◆ Your assignment
Transcribe the listing exactly; drop the images.

◆ Given information
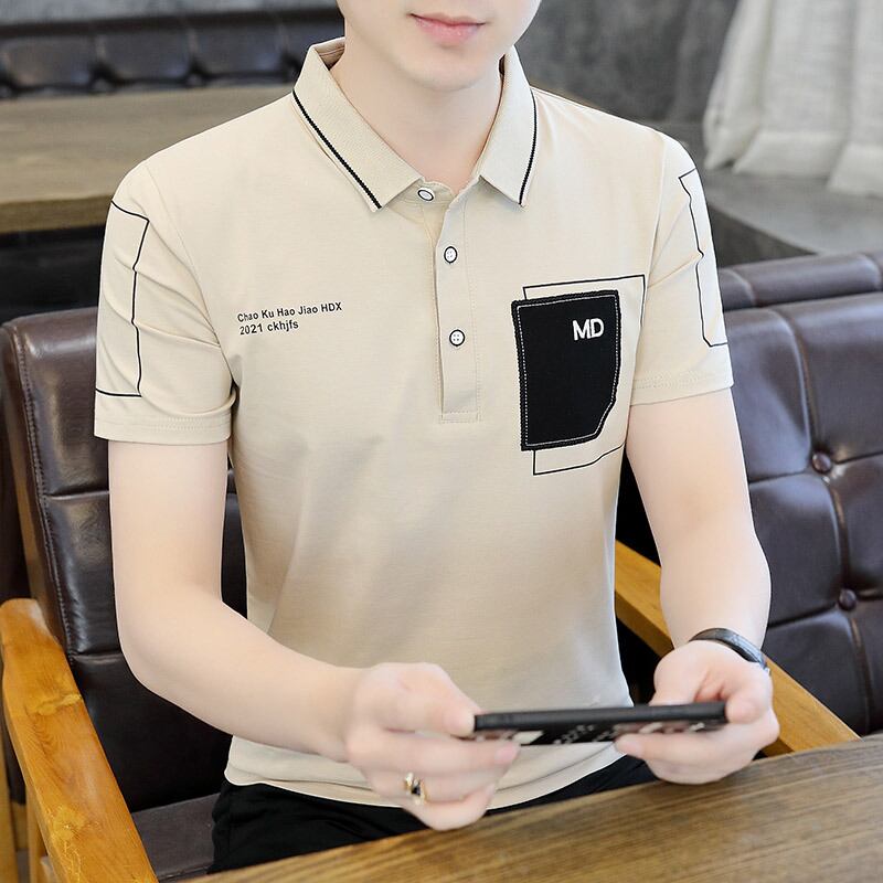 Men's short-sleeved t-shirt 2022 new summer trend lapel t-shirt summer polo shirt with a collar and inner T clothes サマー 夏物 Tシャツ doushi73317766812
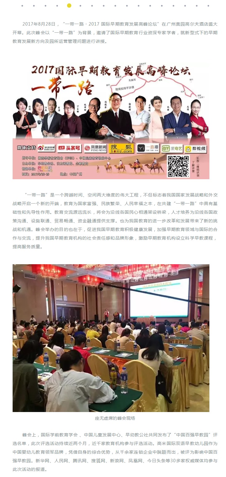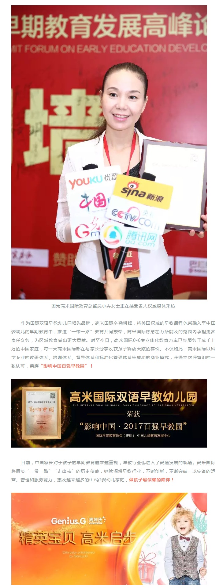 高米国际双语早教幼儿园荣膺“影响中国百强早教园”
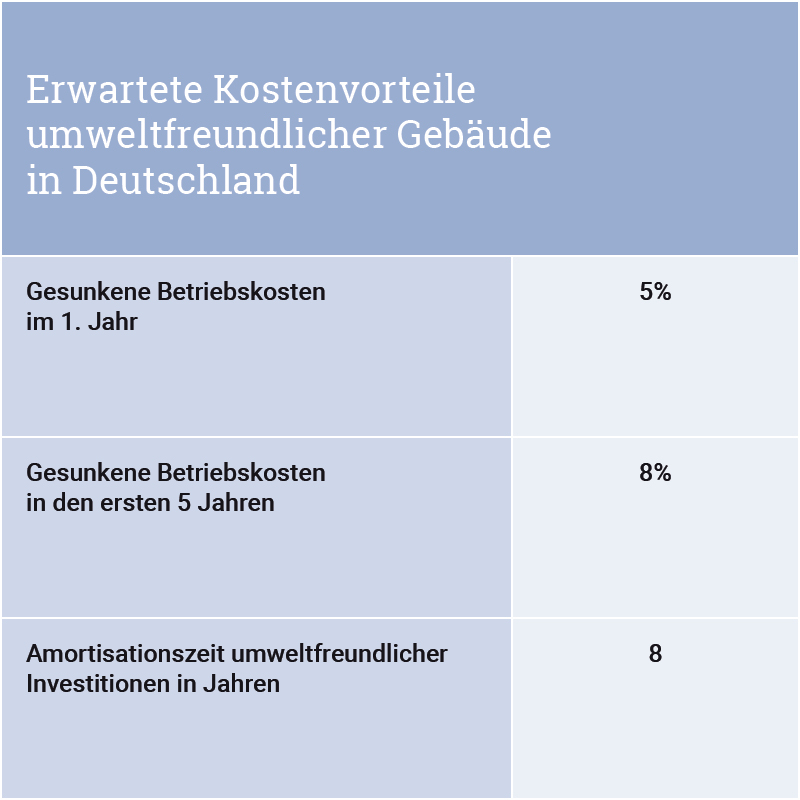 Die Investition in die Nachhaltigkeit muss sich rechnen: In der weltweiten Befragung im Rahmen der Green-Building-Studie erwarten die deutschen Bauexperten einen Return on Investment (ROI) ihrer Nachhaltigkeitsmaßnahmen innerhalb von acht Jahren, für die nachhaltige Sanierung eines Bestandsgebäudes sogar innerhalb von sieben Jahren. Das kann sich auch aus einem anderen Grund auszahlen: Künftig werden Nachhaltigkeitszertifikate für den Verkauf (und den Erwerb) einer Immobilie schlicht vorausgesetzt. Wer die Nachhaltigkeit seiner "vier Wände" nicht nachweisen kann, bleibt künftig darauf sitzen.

◆ Solution for this exercise
 Men's short-sleeved t-shirt 2022 new summer trend lapel t-shirt summer polo shirt with a collar and inner T clothes サマー 夏物 Tシャツ doushi73317766812
 高米国际双语早教幼儿园荣膺“影响中国百强早教园”
 Die Investition in die Nachhaltigkeit muss sich rechnen: In der weltweiten Befragung im Rahmen der Green-Building-Studie erwarten die deutschen Bauexperten einen Return on Investment (ROI) ihrer Nachhaltigkeitsmaßnahmen innerhalb von acht Jahren, für die nachhaltige Sanierung eines Bestandsgebäudes sogar innerhalb von sieben Jahren. Das kann sich auch aus einem anderen Grund auszahlen: Künftig werden Nachhaltigkeitszertifikate für den Verkauf (und den Erwerb) einer Immobilie schlicht vorausgesetzt. Wer die Nachhaltigkeit seiner "vier Wände" nicht nachweisen kann, bleibt künftig darauf sitzen.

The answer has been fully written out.